Concentration of Credit Risk and Other Risks and Uncertainties

Financial instruments that potentially subject the Company to concentrations of risk consist principally of cash and cash equivalents, investments, long term debt and accounts receivable.

The Company’s cash and cash equivalents are with two major financial institutions in the United States.

The Company performs an ongoing credit evaluation of its strategic partners’ financial conditions and generally does not require collateral to secure accounts receivable from its strategic partners. At September 30, 2022, the Company’s exposure to credit risk associated with non-payment will be affected principally by conditions or occurrences within Bristol Myers Squibb Company (“Bristol Myers Squibb”). In past years, the Company’s exposure to credit risk associated with non-payment were also affected principally by conditions or occurrences within Millennium Pharmaceuticals, Inc., a wholly owned subsidiary of Takeda Pharmaceutical Company Ltd. (“Takeda”), and Vertex Pharmaceuticals Incorporated (“Vertex”). Takeda accounted for approximately 0% of total revenues for the three months ended September 30, 2022 and 2021, respectively and approximately 15% and 63% of total revenues for the nine months ended September 30, 2022 and 2021. Vertex accounted for approximately 0% and 65% of total revenues for the three months ended September 30, 2022 and 2021, respectively and 0% and 19% of total revenues for the nine months ended September 30, 2022 and 2021. Bristol Myers Squibb accounted for approximately 100% and 35% of total revenues for the three months ended September 30, 2022 and 2021, respectively and approximately 85% and 18% of total revenues for the nine months ended September 30, 2022 and 2021.

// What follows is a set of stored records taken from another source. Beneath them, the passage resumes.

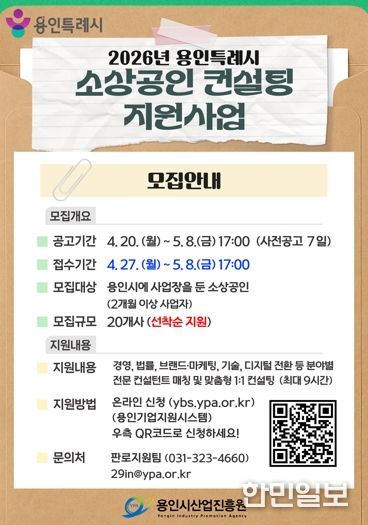 한민일보 서울포커스 김성윤 기자 | 용인특례시와 용인시산업진흥원은 ‘2026년 용인시 소상공인 창업 및 경영 컨설팅 지원사업’에 참여할 소상공인을 모집한다고 26일 밝혔다.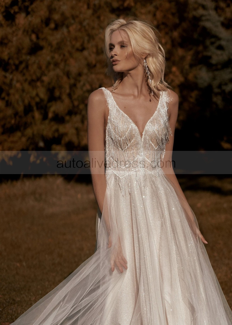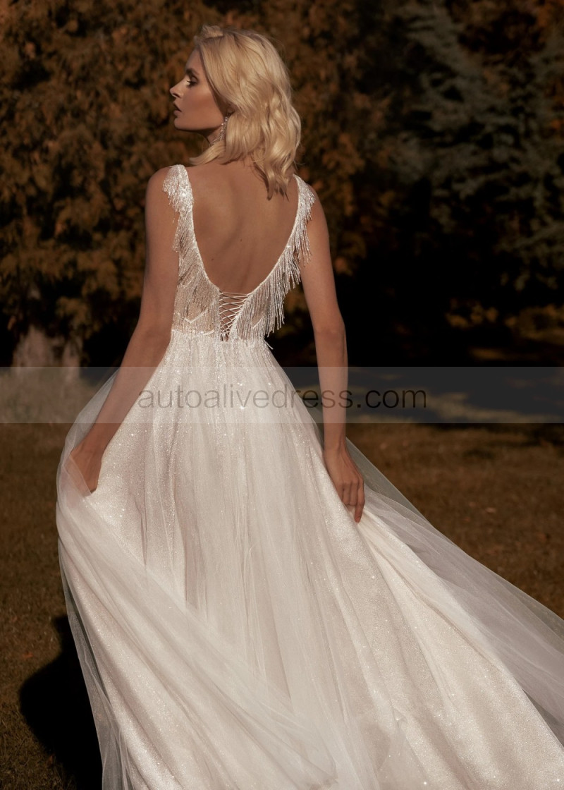 Ivory Tassel Glitter Tulle Trendy Wedding Dress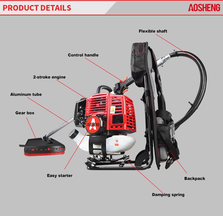 Högpresterande motor, slagvolymen är 33CC. Professionell användning öppnar ödemark Rörstorlek 26mm*1,5mm, styrka flexibelt skaft. Klippbredden är 420 mm Livstid över 150 timmar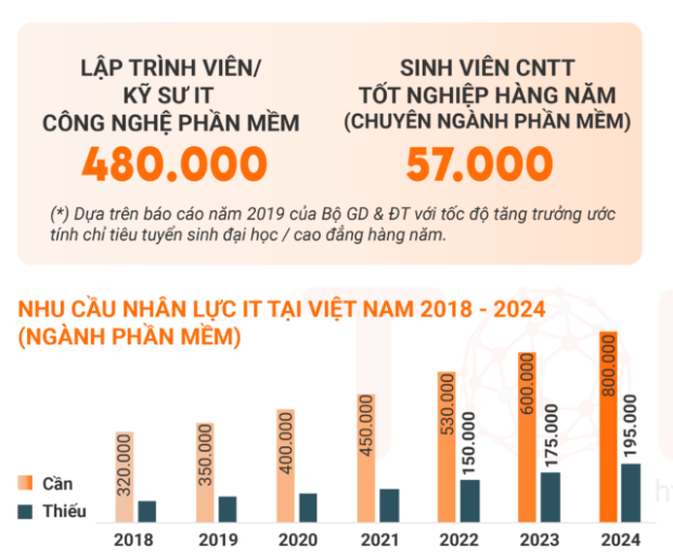 TopDev cho biết, dù mức lương và thưởng của ngành này đang tăng lên đáng kể, nhưng dự đoán từ năm 2022 – 2024, Việt Nam vẫn thiếu hụt 150.000 – 195.000 lập trình viên/ kỹ sư hàng năm. Khoảng cách này dự kiến còn cao cho đến năm 2024 khi nhu cầu lên tới 800.00 lập trình viên.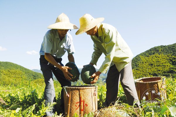 近日,下王镇樟家田村出产的梯田西瓜,再次成为瓜市上的抢手货。樟家田村地势高,昼夜温差大,瓜地用山泉水灌溉,所以梯田西瓜较平原地区的西瓜更甜更脆。据悉,由于天气影响,今年樟家田的梯田西瓜提早上市,该村40余万斤西瓜已被订购一空。图为瓜农正在瓜地里采摘梯田西瓜。

Drug or biologic candidates developed by the Company may require approvals or clearances from the U.S. Food and Drug Administration (“FDA”) or international regulatory agencies prior to commercial sales. There can be no assurance that the Company’s drug or biologic candidates will receive any of the required approvals or clearances. If the Company were to be denied approval or clearance or any such approval or clearance were to be delayed, it would have a material adverse impact on the Company.

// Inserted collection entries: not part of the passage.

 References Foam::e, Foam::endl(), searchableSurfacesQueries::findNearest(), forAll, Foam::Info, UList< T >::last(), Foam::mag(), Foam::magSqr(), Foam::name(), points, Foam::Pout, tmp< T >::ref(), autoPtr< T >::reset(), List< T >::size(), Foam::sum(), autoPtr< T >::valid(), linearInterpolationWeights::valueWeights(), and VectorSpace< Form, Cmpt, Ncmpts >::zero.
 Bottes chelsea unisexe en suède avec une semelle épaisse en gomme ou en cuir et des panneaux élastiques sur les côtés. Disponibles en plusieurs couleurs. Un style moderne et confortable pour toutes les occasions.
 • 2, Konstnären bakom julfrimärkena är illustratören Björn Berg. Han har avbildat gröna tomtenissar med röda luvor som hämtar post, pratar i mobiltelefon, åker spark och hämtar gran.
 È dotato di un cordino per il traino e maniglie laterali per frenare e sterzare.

Recently Issued Accounting Pronouncements

In August 2020, the FASB issued ASU No. 2020-06, Accounting for Convertible Instruments and Contracts in an Entity’s Own Equity (Subtopic 470-20: Debt with Conversion and Other Options and Subtopic 815-40: Derivatives and Hedging - Contracts in Entity’s Own Equity). The new guidance simplifies accounting for convertible instruments by removing major separation models, removes certain settlement conditions that are required for equity contracts to qualify for the derivative scope exception, and it also simplifies the diluted earnings per share calculation in certain areas. The amendment is effective for the Company for fiscal years beginning after December 15, 2023. The Company does not expect this to have a material impact since there are no material convertible instruments at this time.

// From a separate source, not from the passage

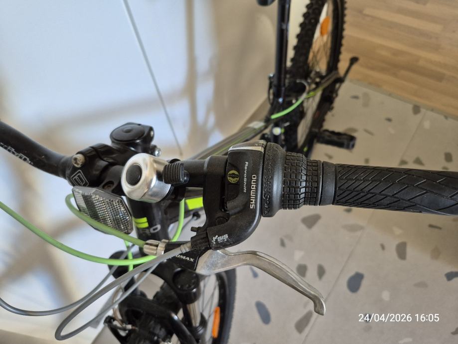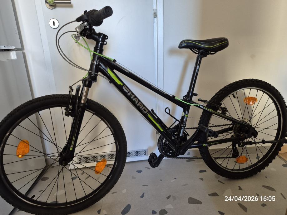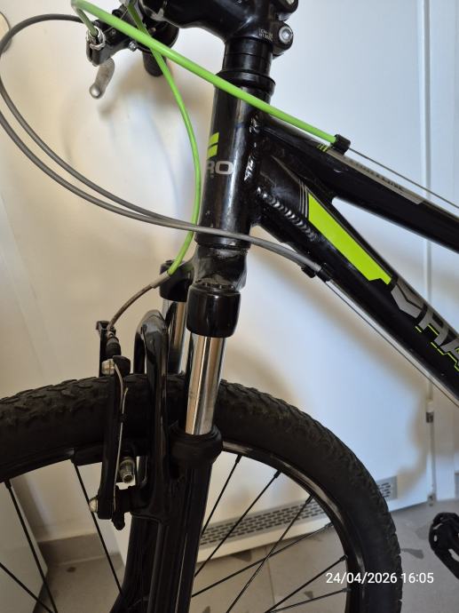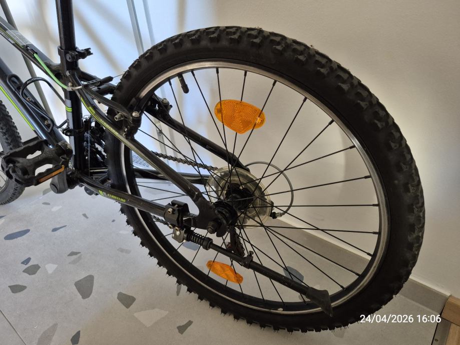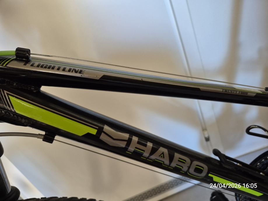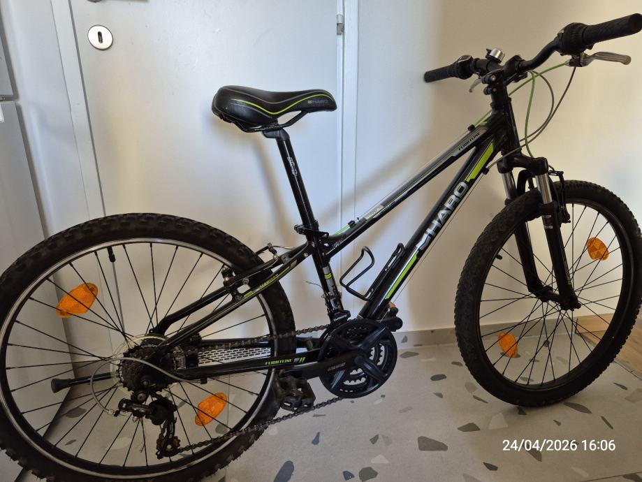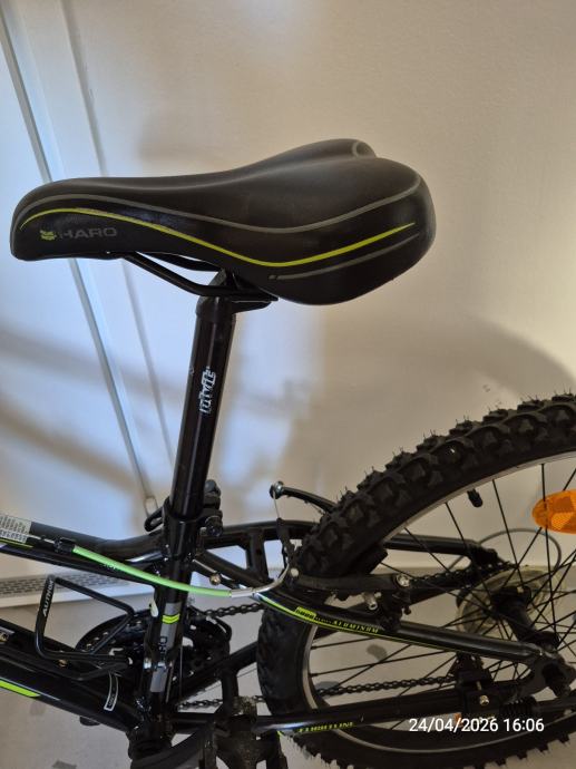 Prodajem dječji bicikl HARO Flightline, veličina 24. Bicikl je crne boje sa zelenim i sivim detaljima, opremljen Shimano Tourney mjenjačem brzina i prednjom amortizacijskom vilicom.
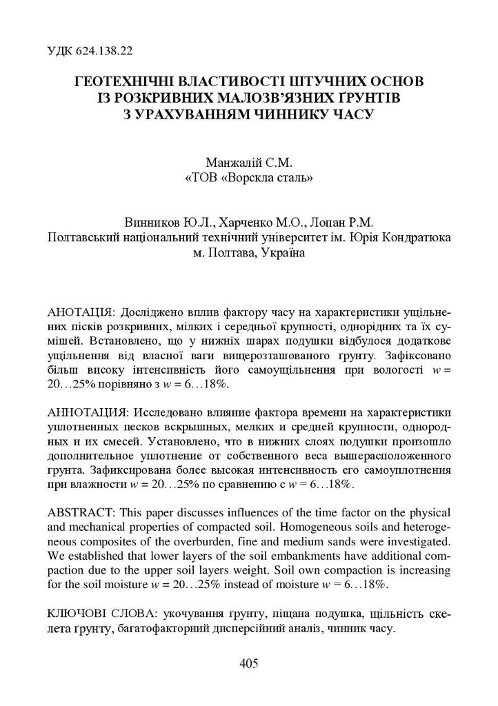 Стаття 2020/05/29Геотехнічні властивості штучних основ із розкривних малозв’язних грунтів з урахуванням чинника часу

In November 2021, the FASB issued ASU No. 2021-10, “Government Assistance: Disclosures by Business Entities about Government Assistance”. The amendments in this Update improve financial reporting by requiring disclosures that increase the transparency of transactions with a government. The amendments require the following annual disclosures about transactions with a government that are accounted for by applying a grant or contribution accounting model by analogy (i) the type of transaction, (ii) the accounting for the transaction, and (iii) the effect of the transaction on the entity’s financial statements. The Company adopted this standard as of January 1, 2022, using a prospective approach and it did not have a material impact on the Company’s financial statements and related disclosures.